■ **Recorded information**:
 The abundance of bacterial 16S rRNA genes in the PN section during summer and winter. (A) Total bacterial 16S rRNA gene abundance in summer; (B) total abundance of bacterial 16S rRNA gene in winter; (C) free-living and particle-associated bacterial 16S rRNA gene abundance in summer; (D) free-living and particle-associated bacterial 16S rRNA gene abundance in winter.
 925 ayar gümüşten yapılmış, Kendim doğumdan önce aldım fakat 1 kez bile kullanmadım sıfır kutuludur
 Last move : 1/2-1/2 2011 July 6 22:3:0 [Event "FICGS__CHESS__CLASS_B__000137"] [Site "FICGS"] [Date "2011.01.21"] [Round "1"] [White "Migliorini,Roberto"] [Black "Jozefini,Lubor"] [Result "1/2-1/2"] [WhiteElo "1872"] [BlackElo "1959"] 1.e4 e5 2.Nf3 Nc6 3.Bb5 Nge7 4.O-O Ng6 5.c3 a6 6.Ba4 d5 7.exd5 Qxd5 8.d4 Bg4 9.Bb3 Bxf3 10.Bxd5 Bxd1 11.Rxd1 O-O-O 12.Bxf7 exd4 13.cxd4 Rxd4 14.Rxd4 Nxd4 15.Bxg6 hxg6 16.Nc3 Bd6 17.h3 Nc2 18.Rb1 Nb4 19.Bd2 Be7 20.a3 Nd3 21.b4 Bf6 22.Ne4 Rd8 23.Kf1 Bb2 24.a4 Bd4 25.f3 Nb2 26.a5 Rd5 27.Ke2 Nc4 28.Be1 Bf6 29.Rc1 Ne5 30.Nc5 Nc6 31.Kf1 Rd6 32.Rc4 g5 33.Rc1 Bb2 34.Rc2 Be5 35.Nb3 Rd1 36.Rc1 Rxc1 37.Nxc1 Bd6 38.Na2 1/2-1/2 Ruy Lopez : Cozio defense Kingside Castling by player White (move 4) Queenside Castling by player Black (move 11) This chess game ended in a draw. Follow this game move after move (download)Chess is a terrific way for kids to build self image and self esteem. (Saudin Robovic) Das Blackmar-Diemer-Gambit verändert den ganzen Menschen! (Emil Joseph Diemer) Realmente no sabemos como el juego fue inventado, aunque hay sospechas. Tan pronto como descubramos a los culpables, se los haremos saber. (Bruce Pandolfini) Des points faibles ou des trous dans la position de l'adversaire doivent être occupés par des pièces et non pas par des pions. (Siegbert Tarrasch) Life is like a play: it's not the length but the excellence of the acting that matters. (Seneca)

■ **Work to complete**:
The data must be transcribed in full. Every word stays the same.

■ **Finished task**:
 The abundance of bacterial 16S rRNA genes in the PN section during summer and winter. (A) Total bacterial 16S rRNA gene abundance in summer; (B) total abundance of bacterial 16S rRNA gene in winter; (C) free-living and particle-associated bacterial 16S rRNA gene abundance in summer; (D) free-living and particle-associated bacterial 16S rRNA gene abundance in winter.
 925 ayar gümüşten yapılmış, Kendim doğumdan önce aldım fakat 1 kez bile kullanmadım sıfır kutuludur
 Last move : 1/2-1/2 2011 July 6 22:3:0 [Event "FICGS__CHESS__CLASS_B__000137"] [Site "FICGS"] [Date "2011.01.21"] [Round "1"] [White "Migliorini,Roberto"] [Black "Jozefini,Lubor"] [Result "1/2-1/2"] [WhiteElo "1872"] [BlackElo "1959"] 1.e4 e5 2.Nf3 Nc6 3.Bb5 Nge7 4.O-O Ng6 5.c3 a6 6.Ba4 d5 7.exd5 Qxd5 8.d4 Bg4 9.Bb3 Bxf3 10.Bxd5 Bxd1 11.Rxd1 O-O-O 12.Bxf7 exd4 13.cxd4 Rxd4 14.Rxd4 Nxd4 15.Bxg6 hxg6 16.Nc3 Bd6 17.h3 Nc2 18.Rb1 Nb4 19.Bd2 Be7 20.a3 Nd3 21.b4 Bf6 22.Ne4 Rd8 23.Kf1 Bb2 24.a4 Bd4 25.f3 Nb2 26.a5 Rd5 27.Ke2 Nc4 28.Be1 Bf6 29.Rc1 Ne5 30.Nc5 Nc6 31.Kf1 Rd6 32.Rc4 g5 33.Rc1 Bb2 34.Rc2 Be5 35.Nb3 Rd1 36.Rc1 Rxc1 37.Nxc1 Bd6 38.Na2 1/2-1/2 Ruy Lopez : Cozio defense Kingside Castling by player White (move 4) Queenside Castling by player Black (move 11) This chess game ended in a draw. Follow this game move after move (download)Chess is a terrific way for kids to build self image and self esteem. (Saudin Robovic) Das Blackmar-Diemer-Gambit verändert den ganzen Menschen! (Emil Joseph Diemer) Realmente no sabemos como el juego fue inventado, aunque hay sospechas. Tan pronto como descubramos a los culpables, se los haremos saber. (Bruce Pandolfini) Des points faibles ou des trous dans la position de l'adversaire doivent être occupés par des pièces et non pas par des pions. (Siegbert Tarrasch) Life is like a play: it's not the length but the excellence of the acting that matters. (Seneca)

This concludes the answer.